Removing HTML tags prevents cross-site scripting (XSS) attacks and ensures consistent formatting. If you are performing a word count, your text must be cleaned of all the scripting tags; otherwise, the word count will be inaccurate.
But how do you distinguish HTML tags in standard text? HTML is a markup language, and you can identify each tag by its opening bracket (“<“) and a closing bracket (“>”). Everything in between these brackets is a tag.

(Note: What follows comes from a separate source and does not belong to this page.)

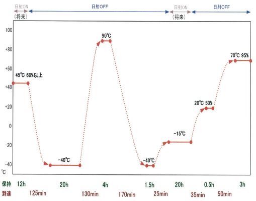 تقادم المواد: جهاز تشعيع الطيف الشمسي الكامل.الإشعاع الحراري: مصباح هاليد معدني 700 ~ 1100W / m2

Here is the pictorial representation:
Here are three ways to strip HTML tags from a string in JavaScript:
- Using string.replace() (Regular Expression)
- Using the DOM Parser
- Using .textContent or .innerHTML
Method 1: Using a string.replace() (Regular Expression)
The string.replace() method uses patterns in the form of regular expressions to identify and replace tags within a text. This is not a browser-specific method, and you can use it on the “Node.js” platform as well.
function stripHtmlTags(str) {
// Identifying and removing HTML Tags
return str.replace(/<[^>]*>/g, '');
}
// Example usage:
const input_text = "<p>Hey! <strong>Welcome to AppDividend</strong>!</p>";
console.log("Before stripping: ", input_text)
console.log("After stripping: ", stripHtmlTags(input_text));
Output
Before stripping: <p>Hey! <strong>Welcome to AppDividend</strong>!</p> After stripping: Hey! Welcome to AppDividend!
This approach is basic and works well with most basic HTML structures.
However, if you are dealing with nested html tags or malformed HTML tags, it may not handle all these edge cases very well. Furthermore, it can be slower for larger strings.
Method 2: Using DOMParser
The DOMParser() constructor, available in browsers, creates a new DOMParser object that has a parseFromString() method for parsing a string using either the HTML parser or the XML parser.
The .textContent property contains all the text inside the HTML <body> tag, strips the tags, and returns the clean textual output.
The DOMParser() constructor is only available in the browser and not available in the “Node.js” environment. Therefore, you must execute your program in the browser.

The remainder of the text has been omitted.